人生ハードモードを地で行く、本作の主人公。

色々あって魔力が切れると幼児化してしまう謎体質に悩まされている。

しかしてその正体は……。

【ステラ・メイセン】

森の中、全裸姿の主人公に出会っても臆することなく、冷静に状況を判断し、救いの手を差し伸べてくれた悟り系ヒロイン。 家事全般が得意で精霊魔法の使い手であるが、わけあってその身に“古の魔女”を宿している。

【リド・ハーツイーズ】

協会所属の民間警察官であり国家魔道士。普段は冷静沈着でいたって真面目な性格をしているのだが、惚れた相手が絡むと途端にポンコツ化したりチョロすぎる一面を見せたり超不器用。剣術と氷結魔法が得意。

スターチス・カーター】

協会所属の民間警察官室長であり国家魔道士。ステラにとっては後見人のような立場であり、娘のように大事にしている。とある事情により吸血鬼になってしまったがもともとは人間。影の魔法を得意とする。

【メリッサ・ガルディ】

協会所属の民間警察官だが、スターチス達とは違い、国家魔道士免許は持っていない。

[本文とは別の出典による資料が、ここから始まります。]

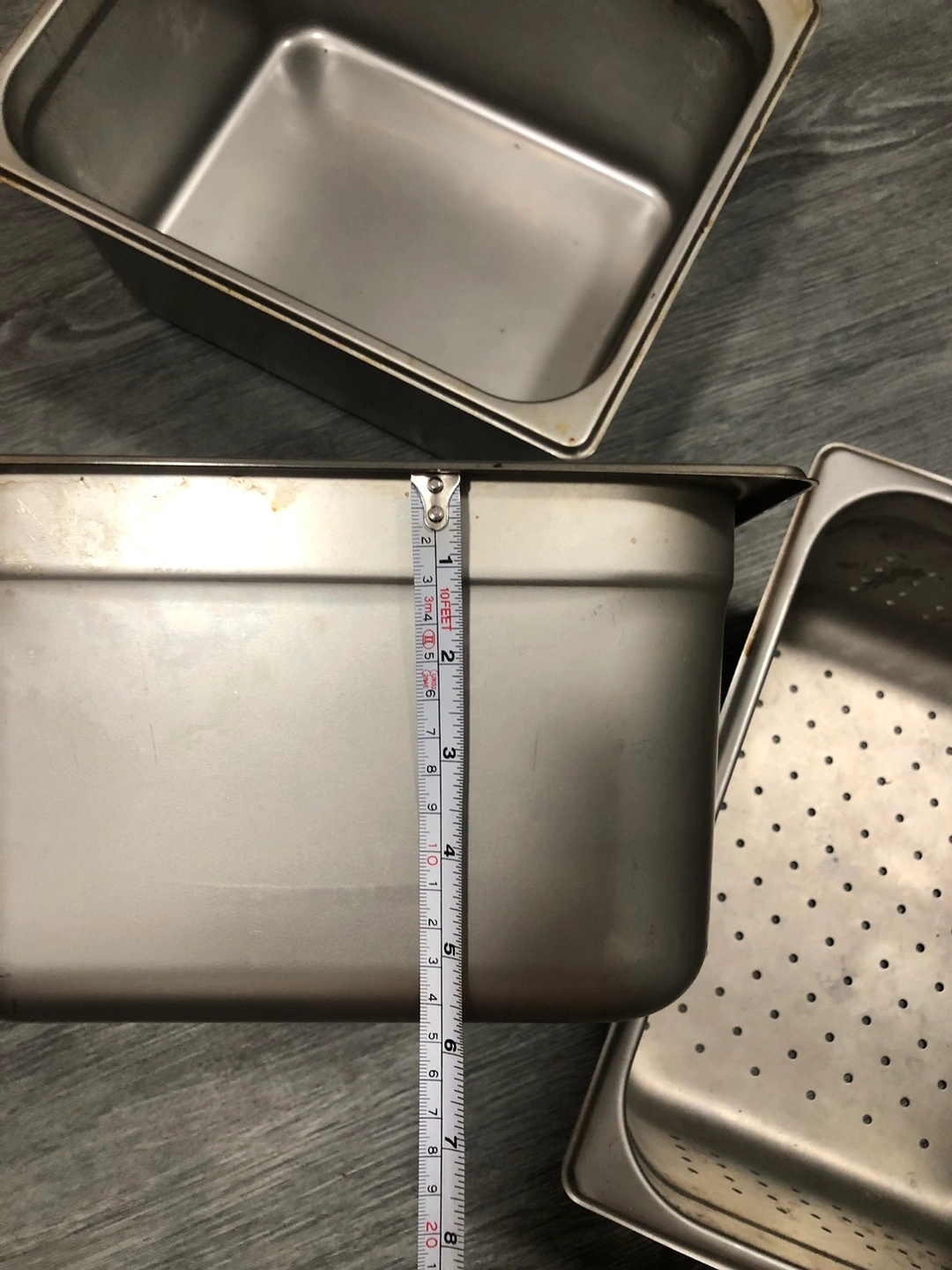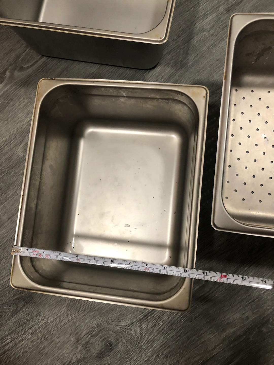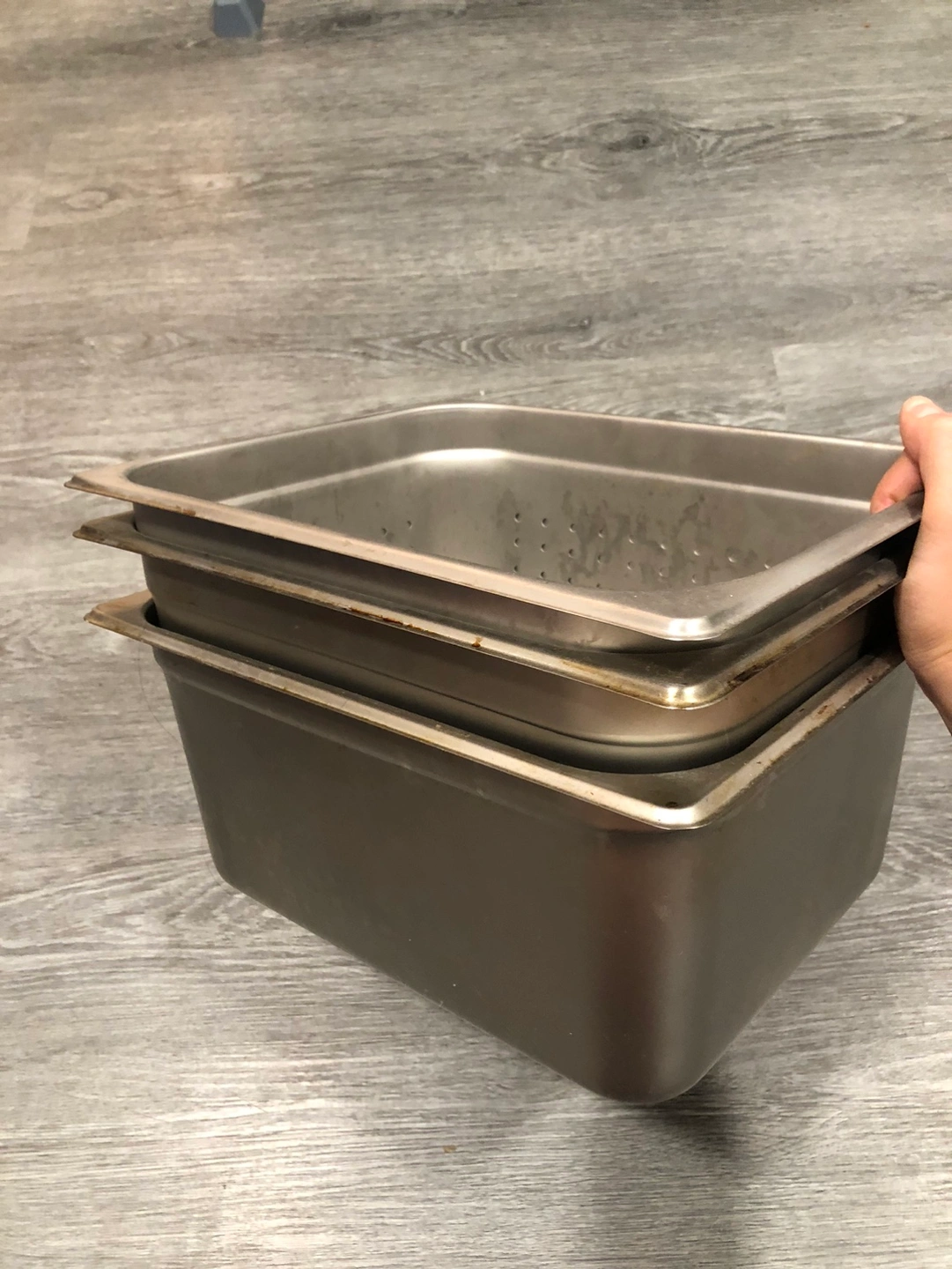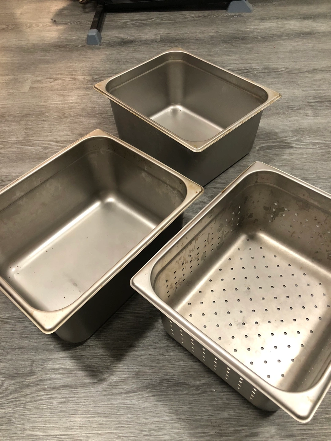 Commercial kitchen stainless steel steam pans, half size and 6” deep. They nest together well and have no functional flaws.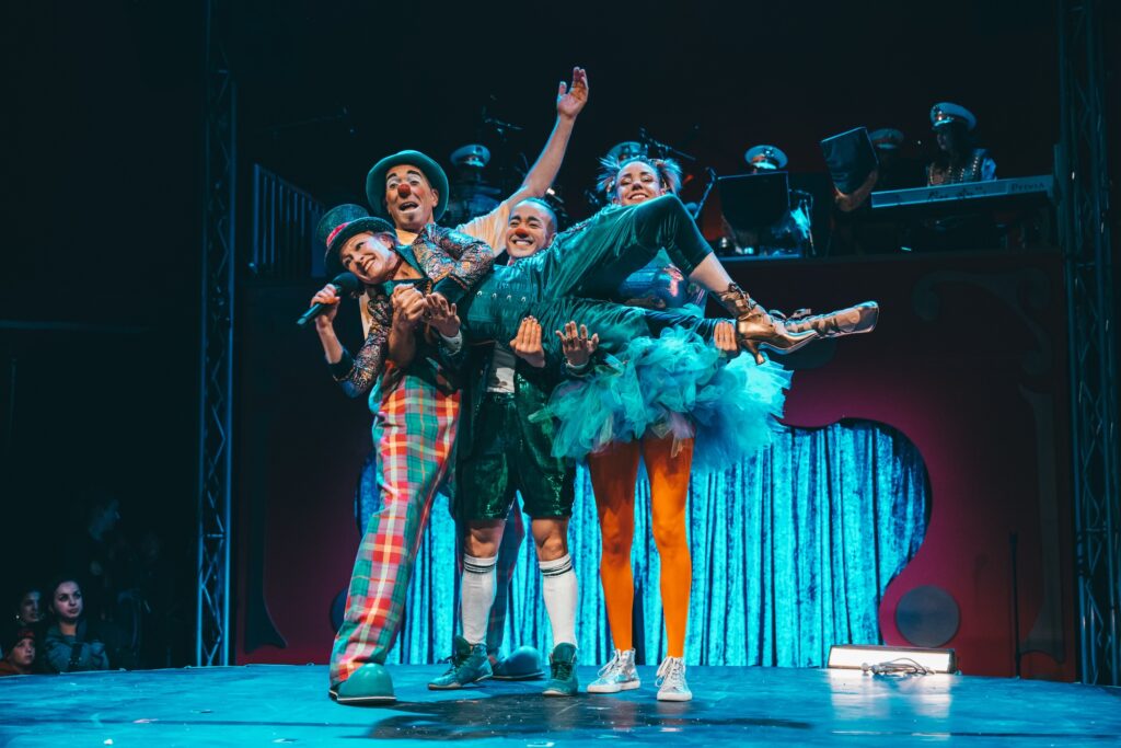 Yet, the opening night moment that stands out from watching the troupe’s new big tent show, Starlight (through January 4 at The Crossing at East Cut, SF), was one of the relatively “simpler” acts of the show. A woman was seated far-audience-left with her young son and seemed to not be enjoying herself. That is, until the second-half, when Circus Bella’s resident clown trio (Calvin Kai Ku, Jamie Coventry, and Natasha Kaluza) put one of their between-set slapstick routines. This one involved a rope-length piece of string that changed sizes several times, as well as finding its way into one clown’s pants.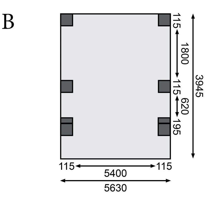 Dimensions extérieures (LxP) : 563×284,5cm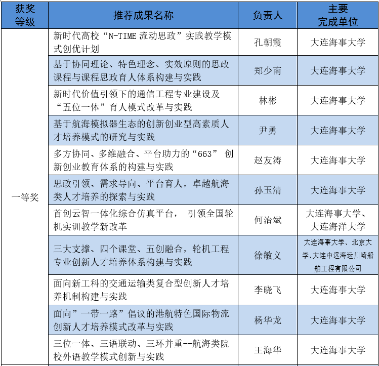 - 近日,辽宁省教育厅公布2022年辽宁省普通高等教育(本科)教学成果奖获奖名单,大连海事大学21项教学成果入选。其中一等奖11项、二等奖4项、三等奖6项。一等奖获奖数量首次突破两位数!徐敏义教授作为负责人完成的《三大支撑、四个课堂、五创融合,轮机工程专业创新人才培养体系构建与实践》荣获一等奖。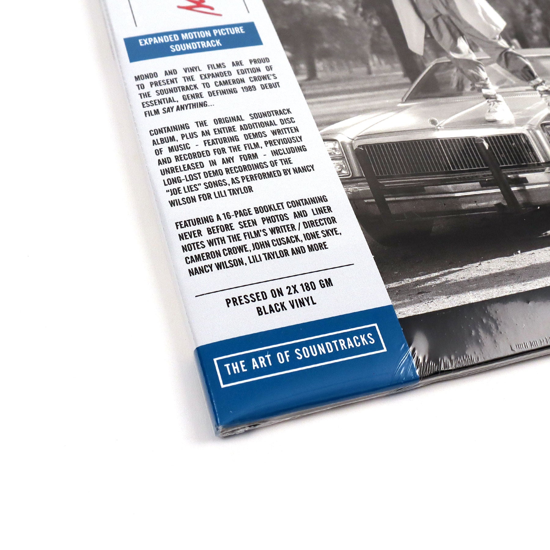 "Mondo and Vinyl Films are proud to present the premiere, expanded edition of the soundtrack to Cameron Crowe’s essential, genre-defining 1989 debut film SAY ANYTHING… Containing the original soundtrack album, plus an entire additional disc of music – featuring demos written and recorded for the film, previously unreleased in any form – including long-lost demo recordings of the 'Joe Lies' songs, as performed by Nancy Wilson for Lili Taylor. Featuring a 16-page booklet, containing never-before-seen photos and liner notes with the film’s writer and director Cameron Crowe, stars John Cusack, Ione Skye, Lili Taylor and composer Nancy Wilson and more!" - Mondo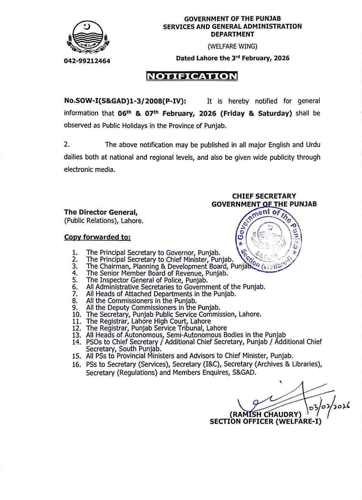 اس کے علاوہ، پنجاب حکومت نے بسنت کے تہوار کی مناسبت سے 6، 7 اور 8 فروری کو بھی تعطیلات کا اعلان کیا ہے۔ یہ تعطیلات بسنت کے حوالے سے اہمیت رکھتی ہیں کیونکہ لاہور اور دیگر پنجاب کے شہر ہر سال اس تہوار کو جوش و جذبے سے مناتے ہیں۔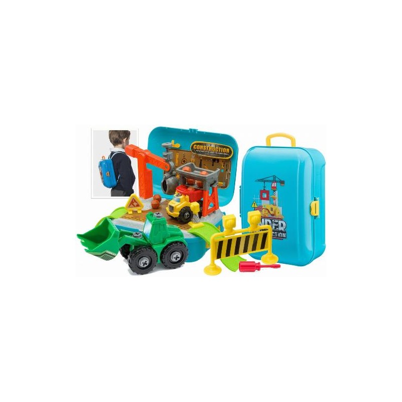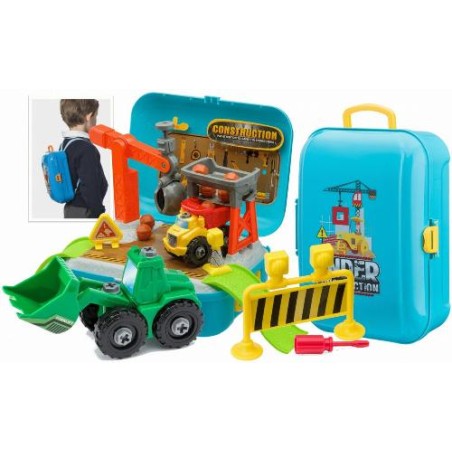 zainetto lavori in corso completo di ruspa e camion smonta e rimonta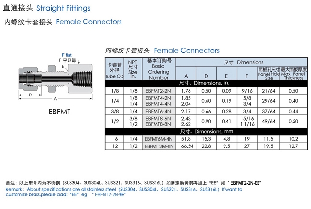 EBFMT2-2N,EBFMT4-2N,EBFMT4-4N,EBFMT6-4N,EBFMT8-6N,EBFMT8-8N,直通壓力表穿板卡套接頭
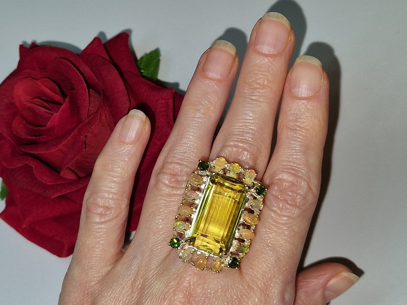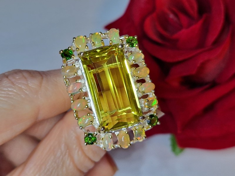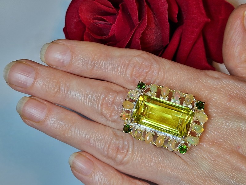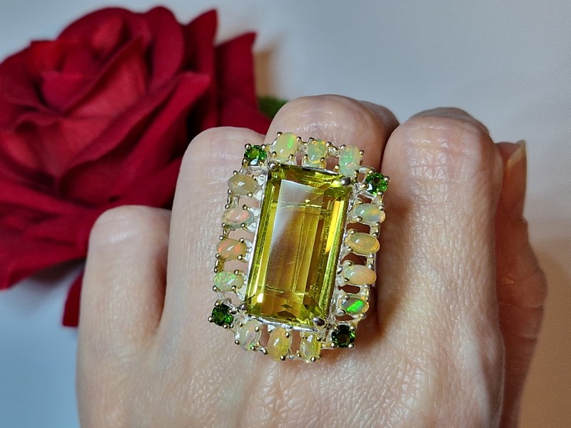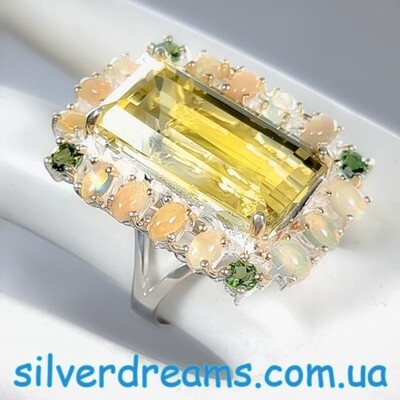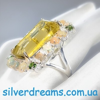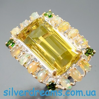 Размеры: лимонный кварц — 24х13 мм, опалы — 5х3 мм, диопсиды — 3 мм; корона кольца — 34х25 мм.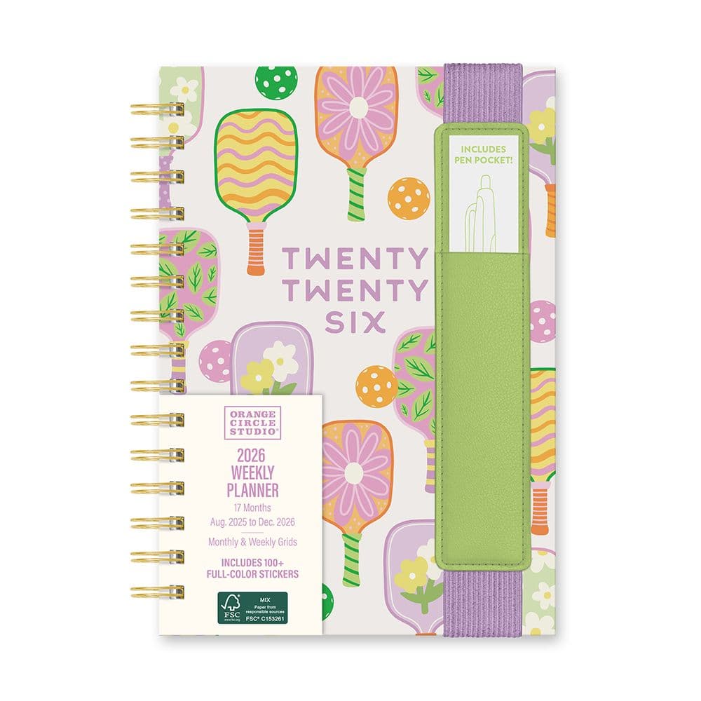 Stay organized and inspired throughout 2026 with the 2026 Pickleball Rally Oliver Planner by Orange Circle Studio. This beautifully designed planner features a vibrant pickleball-themed cover and is equipped with a faux-leather pen pocket for convenience. Perfect for tracking your daily, weekly, and monthly activities, this planner includes goal, budget, mood, and hydration trackers to help you maintain a balanced lifestyle. Enjoy the ease of planning with monthly and weekly spreads, a contacts section, and lined notes pages for additional reminders. Compact size of 5.75 x 8.25 inches, ideal for portability and easy handling Durable Wire-O binding allows the planner to lay flat for ease of use Timespan: 17-month standard from August 2025 to December 2026Includes over 100 full-color stickers to brighten your scheduling Features a faux-leather pen pocket and an elastic band closure to keep your planner secure FSC certified paper, ensuring environmental responsibility Enhance your planning with the Oliver Planner, which not only helps you stay organized but also adds a touch of fun with its colorful design and stickers. Whether you're managing a busy work schedule, organizing school assignments, or planning personal events, this planner is your perfect companion for 2026. Don't miss out on the opportunity to enhance your daily organization. Order your 2026 Pickleball Rally Oliver Planner by Orange Circle Studio today and start planning your year with style and efficiency!

キツイ性格で口より先に手が出るタイプだけど、たまにデレが……出るときもある(頻度少な目)錬金術と接近戦闘術が得意。

【クロエ・ミラビリス】

協会所属の民間警察官であり国家魔道士。植物と対話が出来、情報収集に長けているので、主に街の見回りを担当している。いつもおどおど引っ込み思案な性格で赤面症。胸が大きいのがコンプレックス。